Our protagonist is a clumsy “everyman” named Willis Seward “Willie” Keith who stumbles his way through life. He is raised into a wealthy New York Jewish family, a Princeton man, and he plays piano in the evenings at a nightclub before enlisting as a midshipman in the Navy in the hopes of avoiding the draft. From here there are essentially two concurrent plots in the novel: Willie’s fledgling Naval career during the outbreak of World War II, and his ambiguous relationship with Marie “May Wynn” Minotti, a working-class Italian girl whose Catholic parents own a fruit store in the Bronx (Willie’s mother is skeptical of May and her lower class upbringing). She is described as a red-head with a beautiful figure but she is somewhat shy, playful, and aloof.

After the attack on Pearl Harbor, Wille is assigned as communications officer aboard the U.S.S. Caine (named after a World War I hero), a dilapidated minesweeper stationed in Hawaii. After initially missing his ship, he is finally reconnected with his aging vessel. In an overwhelming experience, Willie describes his first impressions of The Caine: “It was a place of noise, dirt, bad smells, and thuglike strangers” (74). The Caine is a mostly lawless ship filled with nude shipmen strutting about under a gruff and somewhat detached leader, Captain De Vriess (De Vriess is quickly disappointed with Willie’s many flubs and mistakes). Next, we meet a colorful band of rising officers alongside Willie, a literary friend named Thomas Keefer who always seems to be writing a novel, composing a sonnet, or otherwise reading Joyce, Melville, Proust, or Dostoevsky. We also meet Steve Maryk, a man committed to his Naval duty.
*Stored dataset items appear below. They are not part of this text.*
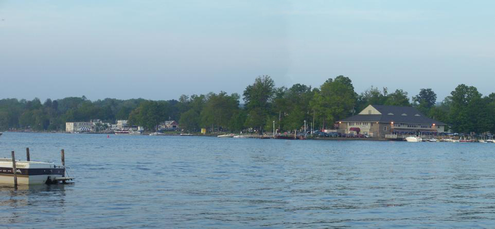 I took the picture myself
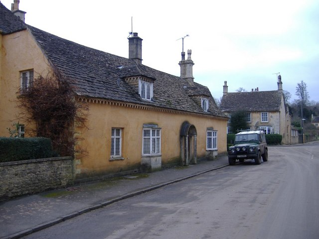 Badminton High Street At the west end of the south side of the street.
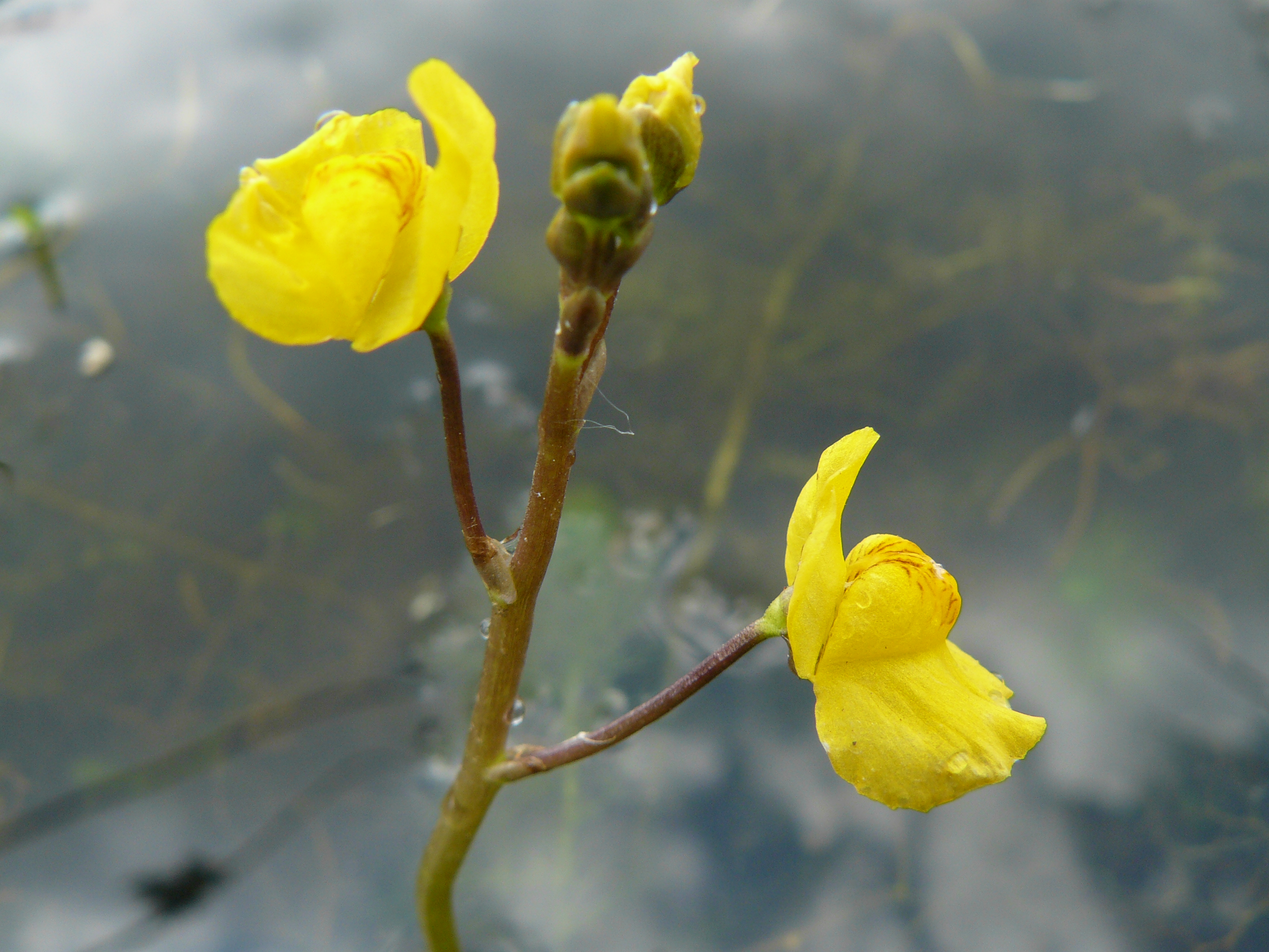 Utricularia australis in a lake of Auvergne, France
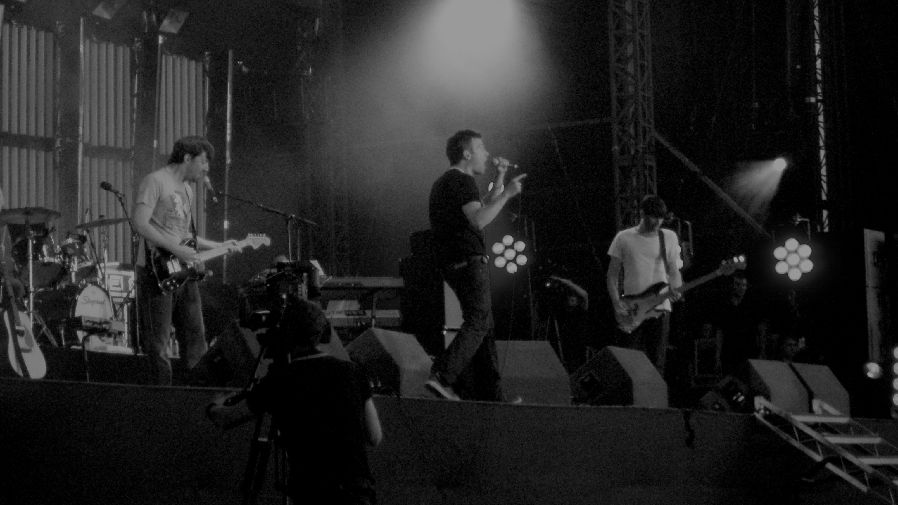 Hyde Park, 3rd July 2009

Occasionally, in reading through the Pulitzer Prize-winners I have been struck by small, otherwise forgettable scenes. In The Caine Mutiny, I was attached to a particularly charming scene of Willie and May as they spend about two days of leave together in Yosemite and he fumblingly proposes marriage to her. It is an otherwise ordinary, forgettable moment in the novel but I was nevertheless struck by this little interlude. There was also a fascinating little sub-plot involving Keith and his father, who longs to develop a closer relationship with his son but who dies shortly after Keith departs for the Navy.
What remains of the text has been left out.